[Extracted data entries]
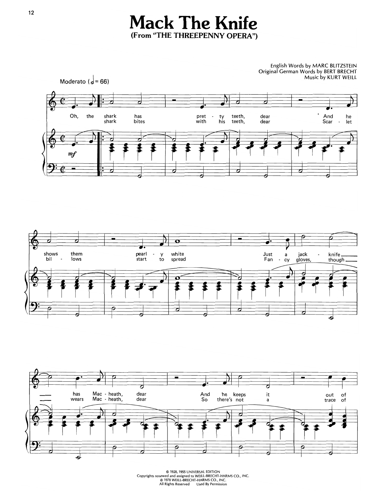 Please note: once you purchase digital Mack The Knife (from The Threepenny Opera sheet music you will need to transpose again, since this is only a sample version.
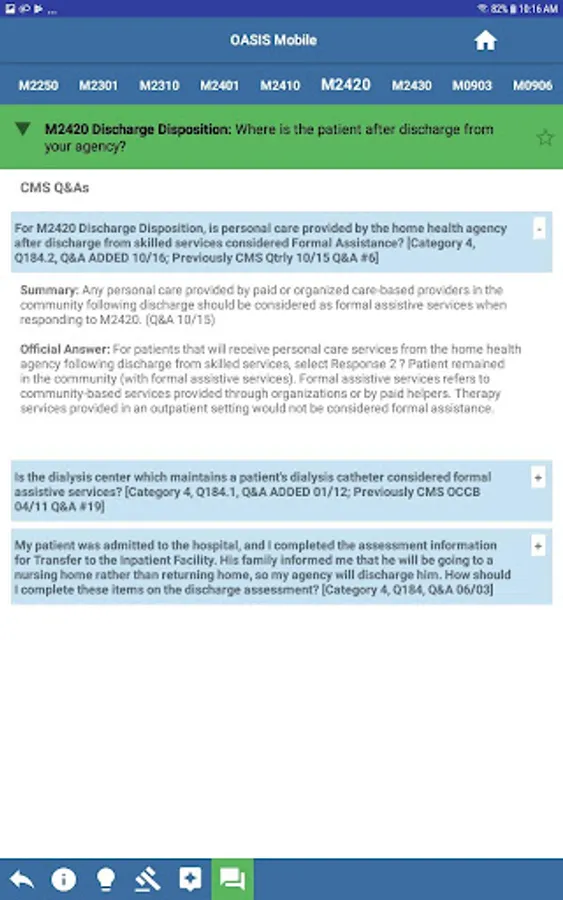 HH OASIS Mobile provides official instruction from CMS’s OASIS Guidance Manual, the CMS OASIS Q&As, the Wound Ostomy and Continence Nurses Society (WOCN) and the National Pressure Ulcer Advisory Panel (NPUAP). That guidance is supplemented with content found within the in-depth articles that make up the OASIS On-the-Go, Reference for Field Clinicians – clinical and documentation tips, as well as prompts and questions to ask the patient to help you accurately assess each item.
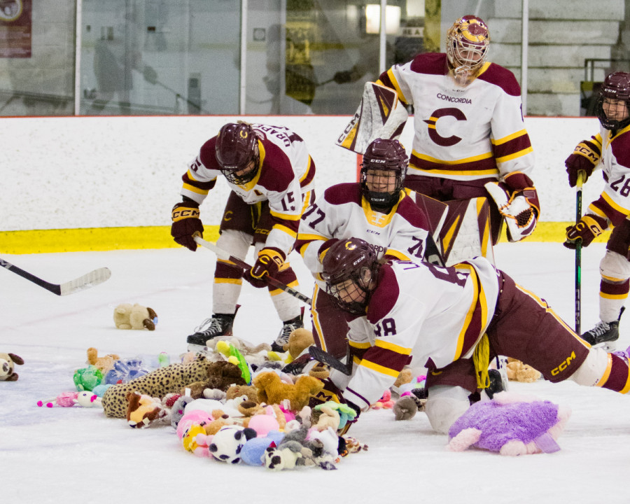 The win came on the night of Concordia’s annual Teddy Bear Toss, where hundreds of bears were thrown onto the ice after the Stingers’ first goal, scored by forward Ekaterina Pelowich.
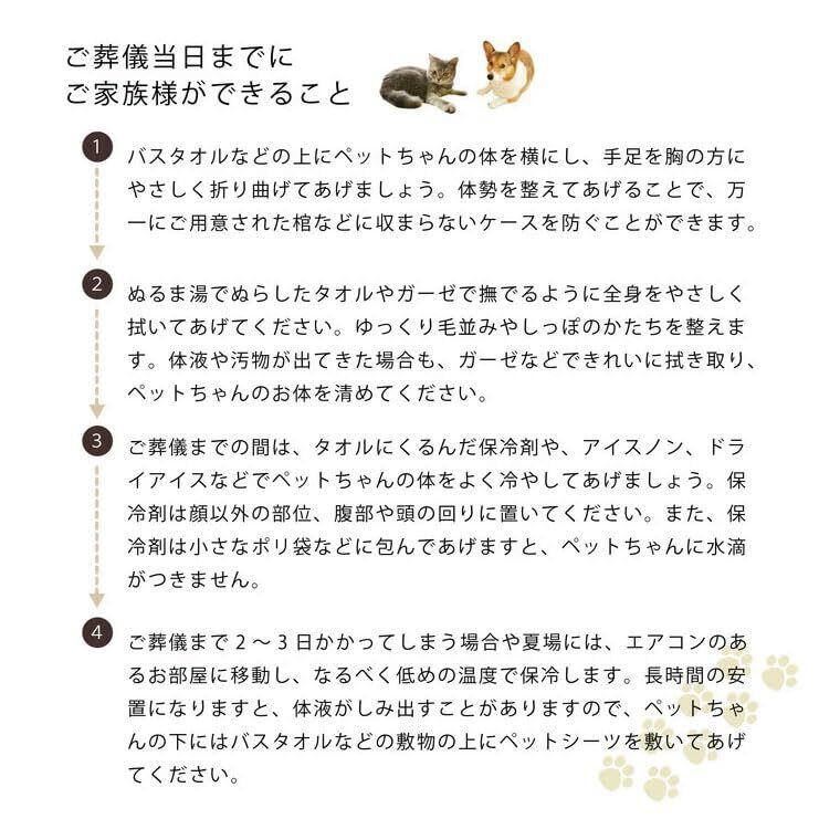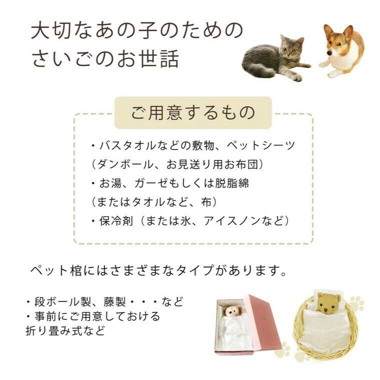 ダンボールやお棺の中に敷いていただいたり、そのままお部屋にお布団代わりに敷いてご葬儀までお傍にいてあげて、最期まで大切なあの子をどうぞ優しくお見送りください。
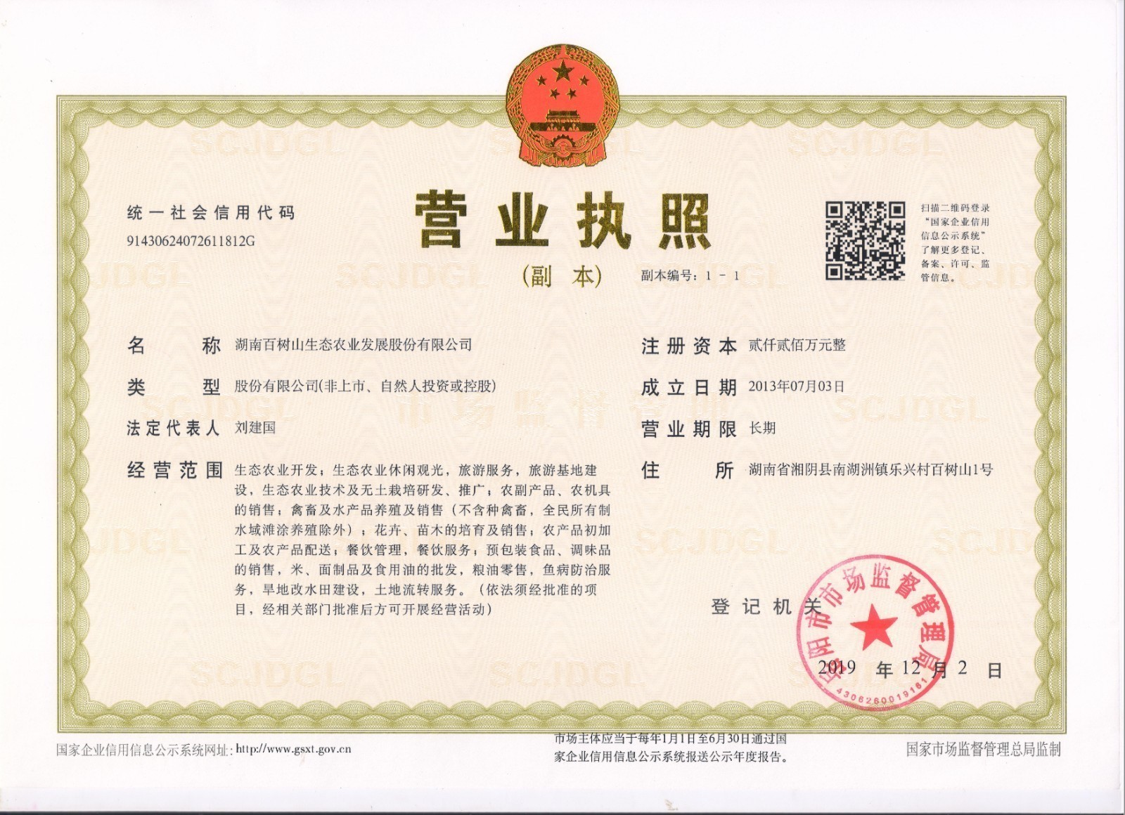 湖南百树山生态农业发展股份有限公司是湖南省农业产业化省级龙头企业,经营范围包括生态农业种植、养殖、农业产业示范、农产品加工、社区农超及配送、农业休闲观光及农业科普教育等。公司在湘阴县南湖洲镇赛头口村流转及租赁土地1066亩,累计投资7000余万元,建设集中连片高标准钢架大棚设施疏菜210亩,露天蔬菜550亩,改良水果76亩,原生态鱼塘174亩,餐饮住宿、办公及生活配套用地56亩。公司采取“龙头企业+公司+农民专业合作社+家庭农场+基地联农户+农产品加工+社区农超+配送中心”的运作模式,提供200余人的劳动就业岗位,其中有30多户贫困劳动力,平均每户每年可增收近5000元,有效促进当地农业提质增效、农民增收。公司先后获评“湖南省蔬菜特色产业园”、“湖南省高新技术企业”、“湖南省绿色食品示范基地”、“湖南省优秀绿色食品示范基地”、“湖南省休闲农业与乡村旅游五星级企业”、“农业部健康养殖小区”、“岳阳市优质初创企业”、“市级科普先进单位”、“湖南省创新创业双百优工程‘初创企业’”、“湖南省就业扶贫基地”、“国家级就业扶贫基地”、以蔬菜为主题的“国家级五星级农场”。主营产品为蔬菜、水果、淡水鱼。有21个品种获得绿色认证。
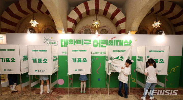 【NEWSIS】「こどもの日」の5日午前、ソウル市松坡区のテーマパーク「ロッテワールド」で、「開かれた緑の傘 第4回大韓民国子ども大賞児童権利授賞式」の記念行事が行われた。写真は投票する子どもたち。

GOAL OF THE EXERCISE >> Output the entries above verbatim, with no picture included.

RESPONSE TO THIS TASK >>
 Please note: once you purchase digital Mack The Knife (from The Threepenny Opera sheet music you will need to transpose again, since this is only a sample version.
 HH OASIS Mobile provides official instruction from CMS’s OASIS Guidance Manual, the CMS OASIS Q&As, the Wound Ostomy and Continence Nurses Society (WOCN) and the National Pressure Ulcer Advisory Panel (NPUAP). That guidance is supplemented with content found within the in-depth articles that make up the OASIS On-the-Go, Reference for Field Clinicians – clinical and documentation tips, as well as prompts and questions to ask the patient to help you accurately assess each item.
 The win came on the night of Concordia’s annual Teddy Bear Toss, where hundreds of bears were thrown onto the ice after the Stingers’ first goal, scored by forward Ekaterina Pelowich.
 ダンボールやお棺の中に敷いていただいたり、そのままお部屋にお布団代わりに敷いてご葬儀までお傍にいてあげて、最期まで大切なあの子をどうぞ優しくお見送りください。
 湖南百树山生态农业发展股份有限公司是湖南省农业产业化省级龙头企业,经营范围包括生态农业种植、养殖、农业产业示范、农产品加工、社区农超及配送、农业休闲观光及农业科普教育等。公司在湘阴县南湖洲镇赛头口村流转及租赁土地1066亩,累计投资7000余万元,建设集中连片高标准钢架大棚设施疏菜210亩,露天蔬菜550亩,改良水果76亩,原生态鱼塘174亩,餐饮住宿、办公及生活配套用地56亩。公司采取“龙头企业+公司+农民专业合作社+家庭农场+基地联农户+农产品加工+社区农超+配送中心”的运作模式,提供200余人的劳动就业岗位,其中有30多户贫困劳动力,平均每户每年可增收近5000元,有效促进当地农业提质增效、农民增收。公司先后获评“湖南省蔬菜特色产业园”、“湖南省高新技术企业”、“湖南省绿色食品示范基地”、“湖南省优秀绿色食品示范基地”、“湖南省休闲农业与乡村旅游五星级企业”、“农业部健康养殖小区”、“岳阳市优质初创企业”、“市级科普先进单位”、“湖南省创新创业双百优工程‘初创企业’”、“湖南省就业扶贫基地”、“国家级就业扶贫基地”、以蔬菜为主题的“国家级五星级农场”。主营产品为蔬菜、水果、淡水鱼。有21个品种获得绿色认证。
 【NEWSIS】「こどもの日」の5日午前、ソウル市松坡区のテーマパーク「ロッテワールド」で、「開かれた緑の傘 第4回大韓民国子ども大賞児童権利授賞式」の記念行事が行われた。写真は投票する子どもたち。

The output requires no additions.